## GIVEN DATA
▬▬▬

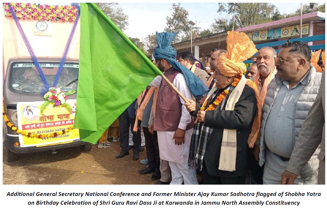 JAMMU, Jan 25: National Conference Additional General Secretary and former minister Mr Ajay Kumar Sadhotra on Sunday described the message of Sant Guru Ravidass Ji as more relevant than ever in the present times when society is confronted with multiple challenges, including growing hatred, intolerance and social divisions. Addressing a gathering after flagging off the Shobha Yatra organised by Guru Ravidass Sabha at Karwanda in the Jammu North Assembly constituency, Mr Sadhotra said the teachings of the great saint offer a timeless roadmap for building a humane, just and harmonious society. He said that at a time when values of mutual respect and coexistence are under strain, the spiritual wisdom of saints like Guru Ravidass Ji assumes renewed significance. Message of compassion, harmony are more relevant amid rising intolerance. Dwelling at length on the life and teachings of Guru Ravidas ji, the National Conference Addl General Secretary said the revered saint dedicated his life to the upliftment of humanity by preaching equality, love and social justice. He said Guru Ravidass Ji strongly opposed discrimination on the basis of caste, creed or social status and advocated a society founded on dignity and compassion for all. Mr Sadhotra said that the core message of all religions is essentially the same love for fellow human beings, compassion for the weak and harmony among communities. No religion preaches hatred or exclusion. The real essence of faith lies in uniting people and promoting peace, understanding and brotherhood,” he said. Highlighting the historical role of saints and sages, Mr Sadhotra said they have always acted as unifying forces in society, guiding people towards moral values and collective well-being. He said spiritual leaders across generations have inspired humanity to rise above narrow identities and work for the common good. “Saints and sages have consistently brought people together and helped societies overcome divisions,” he added. The former minister said that the National Conference has always stood for unity, brotherhood and an inclusive way of life, in line with the teachings of great saints andsages. He said the party believes in strengthening the bonds of social harmony and ensuring equal respect and opportunities for all sections of society. “Our political and social philosophy is rooted in the values of amity, mutual respect and inclusiveness,” he said. |
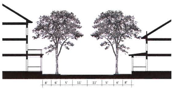 Landscaping shall generally be provided in accordance with the provisions set forth in Section 6:2, Landscape and Design Standards, except that large maturing deciduous street trees shall be provided along all public streets, spaced at thirty-foot maximum intervals.
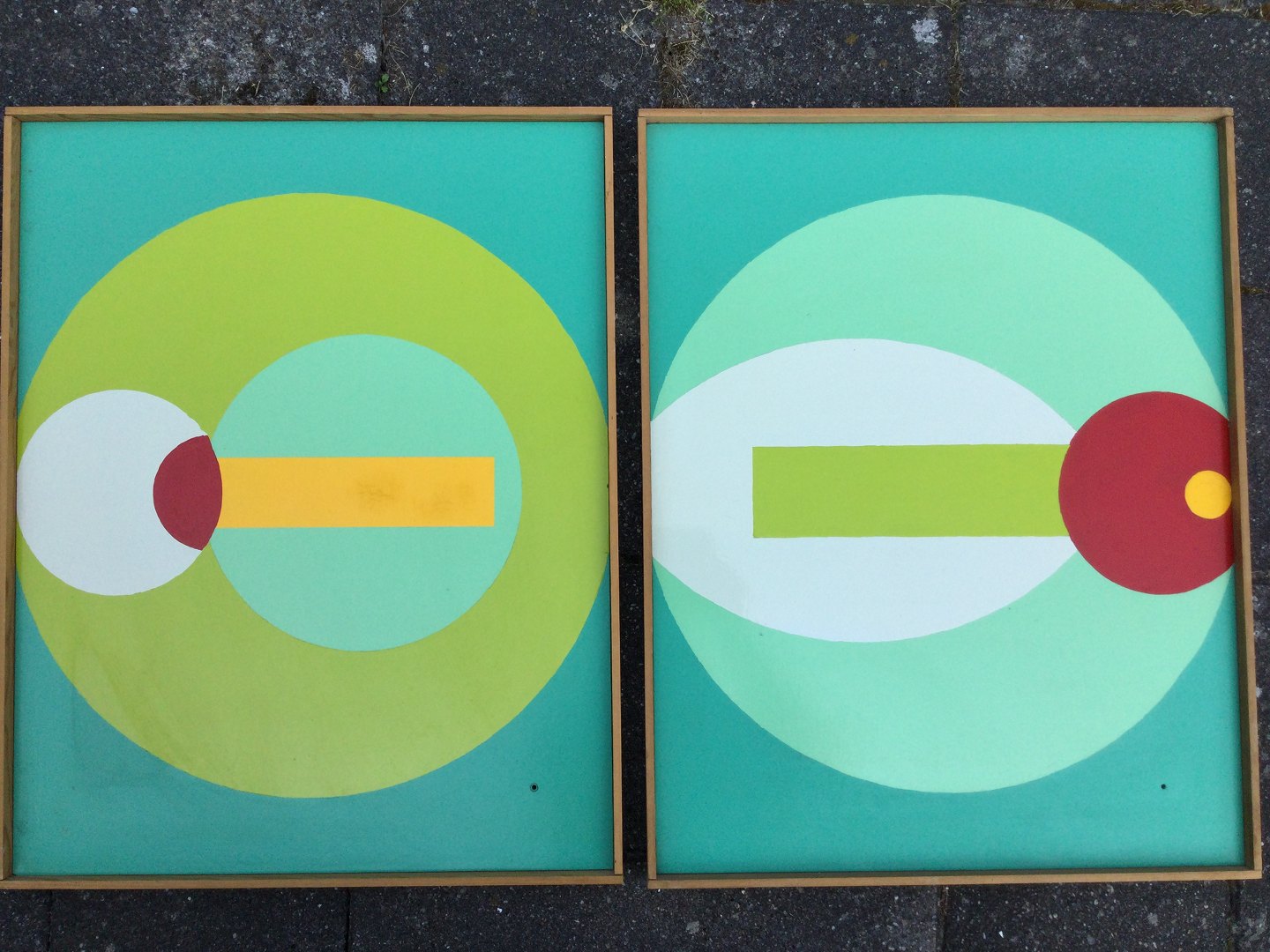 2 malerier - Kompositioner med cirkler mv.
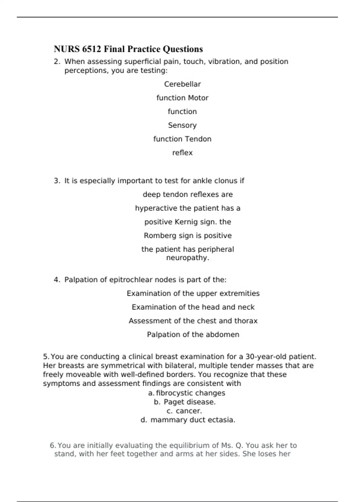 NURS 6512 Final Practice Questions 2. When assessing superficial pain, touch, vibration, and position perceptions, you are testing: Cerebellar function Motor function Sensory function Tendon reflex 3. It is especially important to test for ankle clonus if deep tendon reflexes are hyperactive the patient has a positive Kernig sign. the Romberg sign is positive the patient has peripheral neuropathy. 4. Palpation of epitrochlear nodes is part of the: Examination of the upper extremities Examination of the head and neck Assessment of the chest and thorax Palpation of the abdomen 5. You are conducting a clinical breast examination for a 30-year-old patient. Her breasts are symmetrical with bilateral, multiple tender masses that are freely moveable with well-defined borders. You recognize that these symptoms and assessment findings are consistent with a. fibrocystic changes b. Paget disease. c. cancer. d. mammary duct ectasia. 6. You are initially evaluating the equilibrium of Ms. Q. You ask her to stand, with her feet together and arms at her sides. She loses her balance. Ms. Q has a positive: Kernig sign. Homan sign. McMurray test. Romberg sign. 7. A 23-year-old white woman has come to the clinic because she has missed two menstrual periods. She states that her breasts have enlarged and that her nipples have turned a darker color. Your further response to this finding is to A. instruct her that this is a side effect of birth control injection therapy. B. suggest pregnancy testing. C. question her use of tanning beds. D. schedule an appointment with a surgeon. 8. pulsation that is diminished to the point of being barely palpable would be graded as: 1 3 2 0 9. Red, hot swollen joint in a 40-year-old man should lead you to suspect A. trauma. B. bursitis. C. gout. D. cellulitis. 10. To assess a cremasteric reflex, the examiner strokes the A. skin around the anus and observes for the anal wink. B. abdomen and observes whether the umbilicus moves away from the stimulus. C. inner thigh and observes whether the testicle and scrotum rise on the stroked side. D. palm and observes whether the fingers attempt to grasp. 11. A 12-year-old boy says that his left scrotum has a soft swollen mass. The scrotum is not painful upon palpation. The left inguinal canal is without masses. The mass does transilluminate with a penlight. This collection of symptoms is consistent with A. orchitis. B. hydrocele. C. rectocele. D. scrotal hernia 12. During a routine prenatal visit, Ms. T. was noted as having dependent edema, varicosities of the legs, and hemorrhoids. She expressed concern about these symptoms. You explain to Ms. T. that her enlarged uterus is compressing her pelvic veins and her inferior vena cava. You would further explain that these findings a. are usual conditions during pregnancy. b. indicate a need for hospitalization. c. indicate the need for amniocentesis. d. suggest that she is having twins. 13. The best way to ease the apprehension of a 3-year-old child before a physical examination is to: a. explain that you will be gentle. b. hand the child a picture book. c. let the child hold the stethoscope while you listen. d. tell the child that he or she will get a lollipop for good behavior. 14. Which portion of the physical examination is best done with the patient standing? Neurologic Musculoskeletal Spinal Rectal 15. Cranial nerve XII may be assessed in an infant by A. watching the infant's facial expressions when crying. B. observing the infant suck and swallow. C. clapping hands and watching the infant blink. D. observing the infant's rooting reflex. 16. If pitting edema is unilateral, you would suspect occlusion of a A. lymphatic duct. B. major vein. C. surface capillary. D. superficial artery. 17. For purposes of examination and communication of physical findings, the breast is divided into A. halves (upper and lower). B. thirds (left, middle, and right). C. four quadrants plus a tail. D. circles (six consecutive rings, each 1 inch farther away from nipple). 18. A parent is advised to restrict contact sports participation for their child. An example of a sport in which this child could participate is: a. hockey. b. roller skating. c. riflery. d. skateboarding. 19. The presence of cervical motion tenderness may indicate: a. pregnancy. b. nulliparity. c. pelvic inflammatory disease. d. vulvovaginitis. 20. Facial muscle or tongue weakness may result in: a. aphasia. b. impaired comprehension. c. neologisms. d. echolalia. 21. An ophthalmoscopic eye examination involves Visual field assessment Lens inspection. Sclera observation Near vision evaluation 22. A patient in the deepest coma would be scored on the Glasgow Coma Scale. 3 1 15 10

▬▬▬

## WHAT NEEDS TO BE DONE
Your task is to copy only the lines above starting at the one containing "Landscaping shall generally" and ending at the one containing "2 malerier - Kompositioner med cirkler mv.". Copy them exactly, both ends included, and omit the pictures.

## RESPONSE TO THIS EXERCISE
 Landscaping shall generally be provided in accordance with the provisions set forth in Section 6:2, Landscape and Design Standards, except that large maturing deciduous street trees shall be provided along all public streets, spaced at thirty-foot maximum intervals.
 2 malerier - Kompositioner med cirkler mv.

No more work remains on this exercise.